Turns out, the electrical pulses neurons use to communicate can be replicated using computer code. Each cell’s “action potentials” — or “spikes” in electrical activity — can be represented by zeros and ones. The “one” is when the cell’s voltage rises above the “spike threshold,” and the “zero” is when it’s below that threshold.
“We replicated the distinct voltage waveforms and time trajectories of these pulses using mathematical equations,” says Anastassiou. Then they built computer models using data sets from experiments in mice.
These experiments measure certain things in the cells — like their size, shape, and structure, or how they respond to changes. Each cell model combines all these elements and can help reveal how they connect.
“A large part of what we know about the cellular makeup of the brain comes from gene expression — ‘omics’ studies,” Anastassiou says. “On the other hand, most of what we know about human cognition comes from measuring and monitoring cellular voltage dynamics in the living, breathing animal brain.”
Computer models can reconcile two critical pieces of information: the cellular makeup (building blocks of brain cells) and the patterns observed during brain activity. With the computer’s help, links between the data sets become clear. This could help pave the way from association to causation, the researchers say — a crucial step when looking at disorders.
What Can Computers Tell Us About the Human Brain?

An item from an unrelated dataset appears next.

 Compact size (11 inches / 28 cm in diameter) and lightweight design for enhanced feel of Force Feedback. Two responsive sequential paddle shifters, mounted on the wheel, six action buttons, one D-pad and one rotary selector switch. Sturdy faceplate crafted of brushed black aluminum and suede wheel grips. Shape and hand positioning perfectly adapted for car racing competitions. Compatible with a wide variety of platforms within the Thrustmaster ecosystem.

One of the exciting potential uses of the brain cell models would be to test all kinds of theories about brain disorders that would be difficult or impossible to create through experiments in the lab.
Beyond that, the work can lead to new insights about the brain: how similar or different brain cells are, what connects or makes them different, and what that means across a spectrum of properties.

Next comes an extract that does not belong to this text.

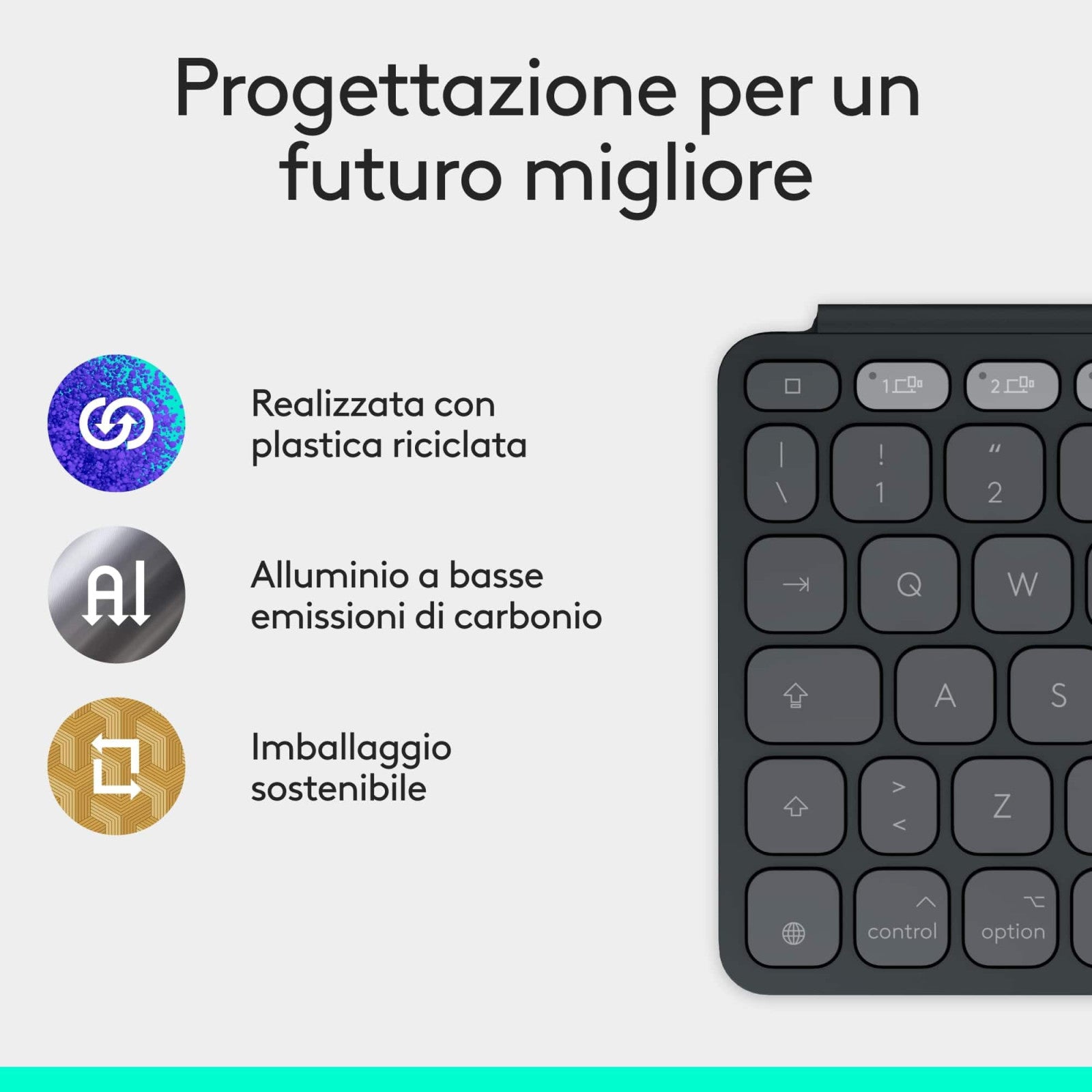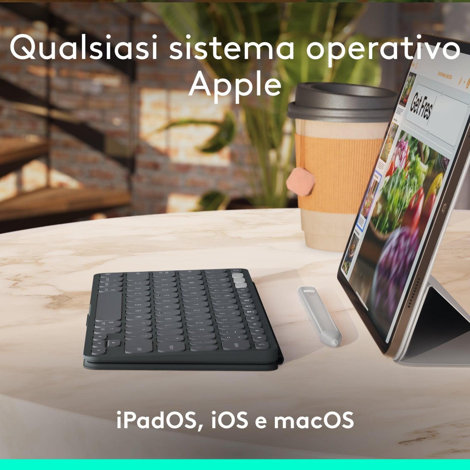 Il colore Graphite conferisce un aspetto professionale e elegante, adatto a ogni ambiente di lavoro. La tastiera wireless portatile si connette facilmente fino a tre dispositivi, permettendo di passare senza problemi tra iPad, iPhone e MacBook con la semplice pressione di un tasto.

Computers and mathematics are telling stories about the brain, and Anastassiou says for him, the fascination comes from the simplicity of the outcome and the richness of their impacts.
“I have always been fascinated by the question of how mathematical equations represent living, computing, biological cells — particularly so for the brain, the epicenter of what makes us human,” he says.
Costas Anastassiou, PhD, research scientist, Department of Neurosurgery, Cedars-Sinai, Los Angeles.
Cell Reports: “Single-neuron models linking electrophysiology, morphology, and transcriptomics across cortical cell types.”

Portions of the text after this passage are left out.